Believe it or not>, some lenders are still willing to forgive the debts of beleaguered consumers. While debt forgiveness can help you survive financially, it might also increase your tax bill. Here's what you need to know.
What is cancellation of debt income and how is it taxed?
When a lender forgives part or all of a debt, it results in so-called cancellation of debt (COD) income. As a general rule, COD income is taxable, and the lender is supposed to report the amount to you, and to the IRS, on Form 1099-C (Cancellation of Debt) for the year when the COD income occurs.
Thankfully, there are some favorable exceptions to the general rule that COD income is taxable. Here are the taxpayer-friendly exceptions that are most likely to help you out.
If the COD income occurs while the borrower is in Title 11 bankruptcy proceedings, the income is completely exempt from federal taxation. Title 11 encompasses bankruptcy filings under Chapter 7 (liquidations), Chapter 11 (reorganizations), and Chapter 13 (wage earner filings). Legislation passed in 2005 made it more difficult to file for Chapter 7 bankruptcy protection, thereby making it harder to be completely exonerated from unsecured debts such as credit-card balances. However, COD income can still occur in Chapter 7 cases (just not as often), and it still occurs in some Chapter 11 and Chapter 13 cases as well.
One other thing to remember is that when you enter bankruptcy, a separate legal entity called the bankruptcy estate comes into legal existence. Once that happens, you must file tax returns for the estate, as well as for you personally.
When a borrower is insolvent (meaning their debt exceeds their assets) but not in bankruptcy immediately before COD income occurs, the COD income is completely exempt from federal income taxation to the extent of the borrower s insolvency. However, when the COD effectively makes a person solvent (because the assets now exceed debts), the COD income is taxable to the extent of that solvency. Any remaining COD income will be exempt from taxation under the insolvency exception.
Home Mortgage Exception
Legislation in 2007 and 2008 created an exception for qualifying cancellations of home mortgage debt during the years 2007 through 2012. Taxpayers don't need to be bankrupt or insolvent to take advantage of this provision, which allows an individual to have up to $2 million of federal-income-tax-free COD income from forgiven qualified principal residence debt. This only includes debt that was used to acquire, build, or improve a main residence and that is secured by that residence. Refinanced debt can also qualify for this exception to the extent it replaces debt that was used to acquire, build, or improve a principal residence. You must reduce the tax basis of your residence (but not below zero) by the amount of COD income that you re allowed to treat as tax-free under this exception.

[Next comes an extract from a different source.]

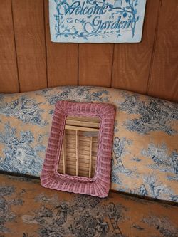Boho Pink Wicker Mirror 16x12 Dresser vanity perfume tray? rattan beachy Mauve dusty rose$20Hellertown, PA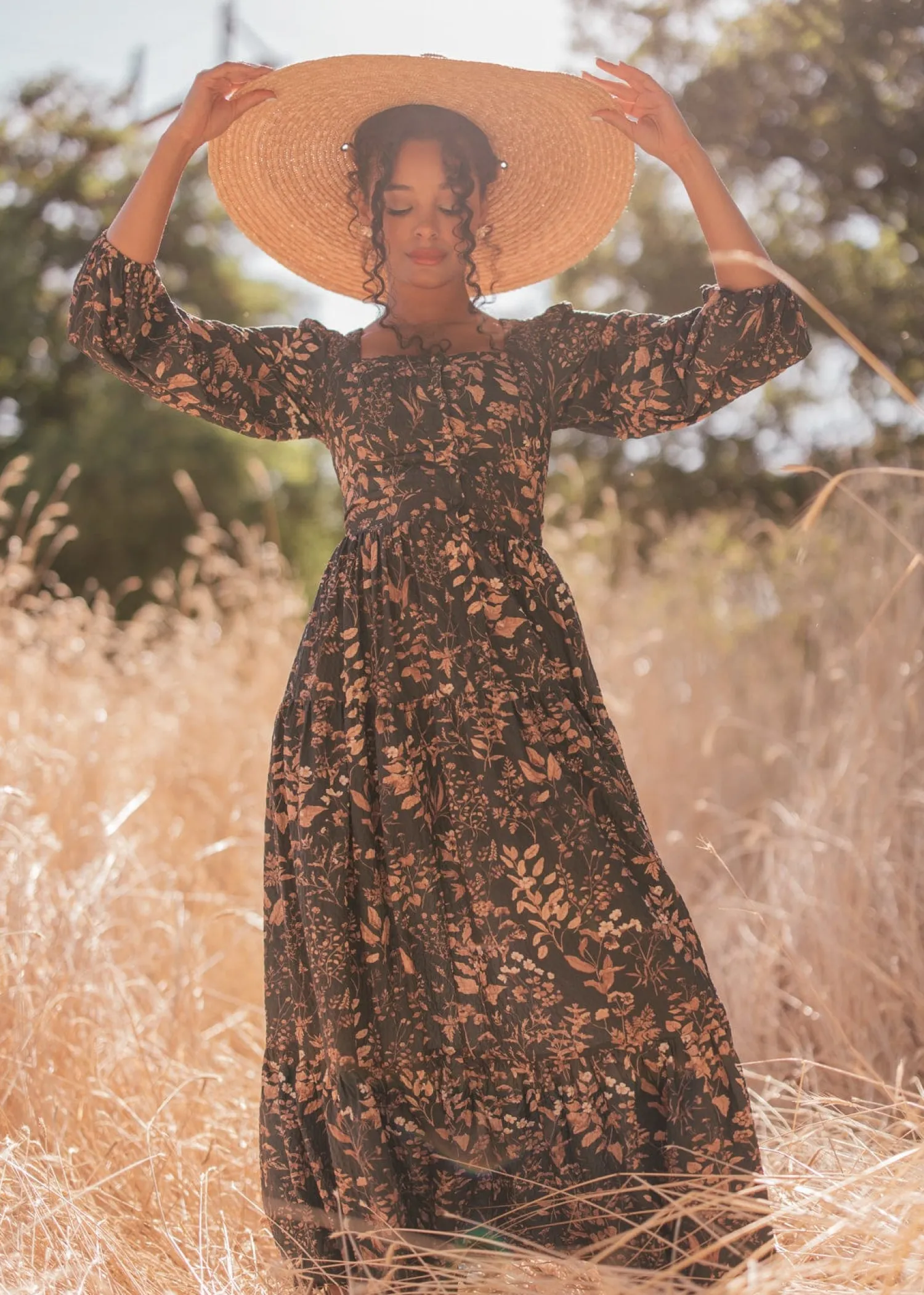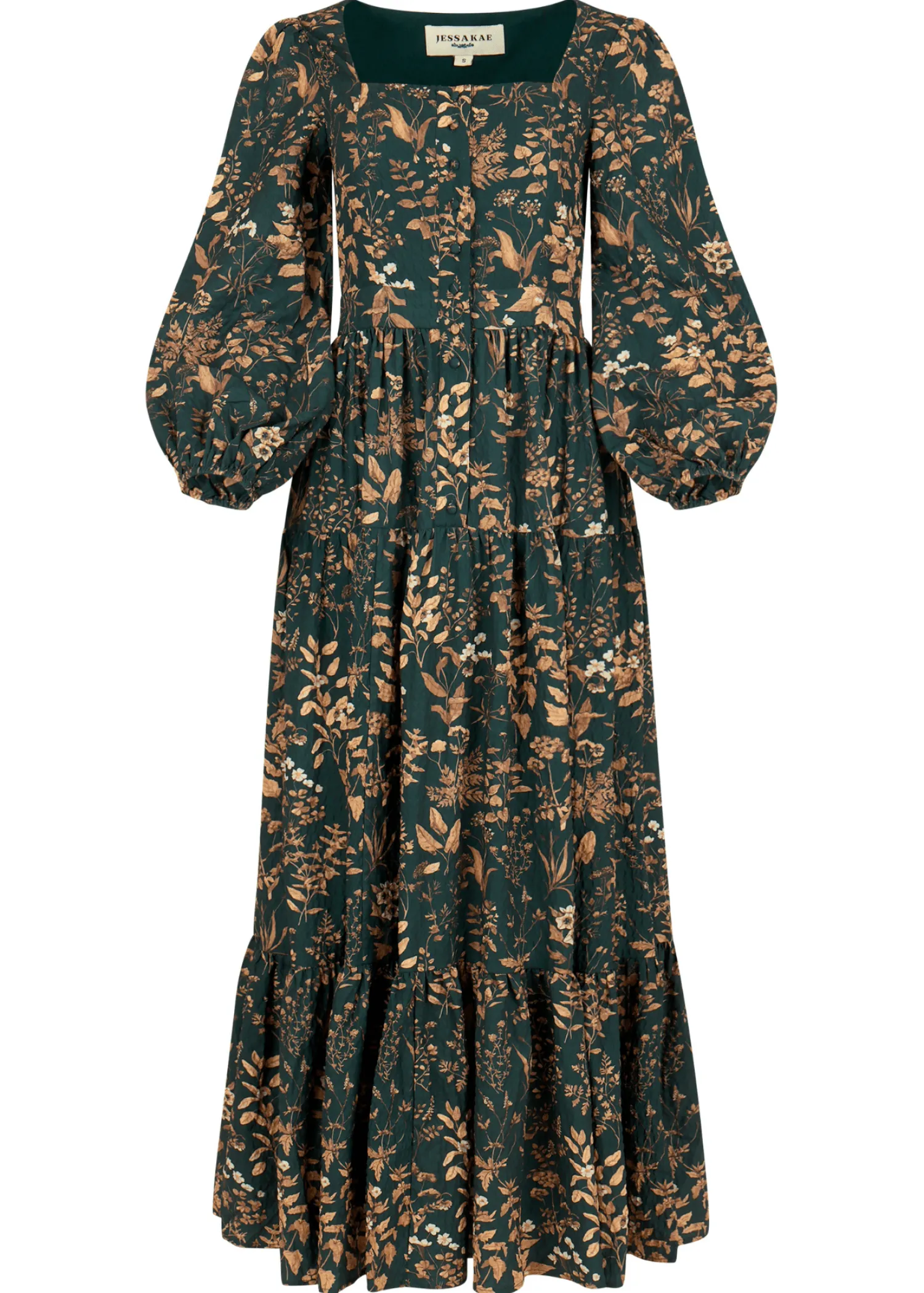 True to its name, the Fern dress features a golden fern print against a lush, dark green background. This nature-inspired gown features a flattering square neckline and voluminous puff sleeves that add a touch of vintage elegance to this striking design perfect for any fall occasion!

Deductible Interest Exception
If COD income includes unpaid interest that was added to a loan's principal and then forgiven, you may be in luck. Any forgiven interest that you could have deducted (had you paid it) is free from federal income taxation. This exception often comes into play with forgiven principal residence mortgage interest, vacation home mortgage interest, and rental property mortgage interest.
Seller-Financed Debt Exception
When COD income is derived from seller-financed debt (meaning mortgage debt that you owe to the previous owner of a property), it is exempt from federal income taxation. However, your basis in the property must be reduced by the amount that you re allowed to treat as tax-free under this provision.
The Bottom Line
There are some other more arcane exceptions to the general rule that COD income is taxable, but they are fairly unlikely to apply to most people.
One last thing to know is that the tax code extracts a price for allowing those who are in bankruptcy or insolvent to exempt their COD income from taxation. So-called tax attributes that these taxpayers have, such as capital loss carryovers, tax credit carryovers, and the tax basis of certain assets (used to calculate tax gains and losses and depreciation deductions) may have to be reduced. See IRS Form 982 (Reduction of Tax Attributes Due to Discharge of Indebtedness), which must be filed with your federal return. You must also file Form 982 if you take advantage of the home mortgage exception.
The good news is the exceptions explained in this article can prevent a major tax hit on COD income, which would really be adding insult to injury.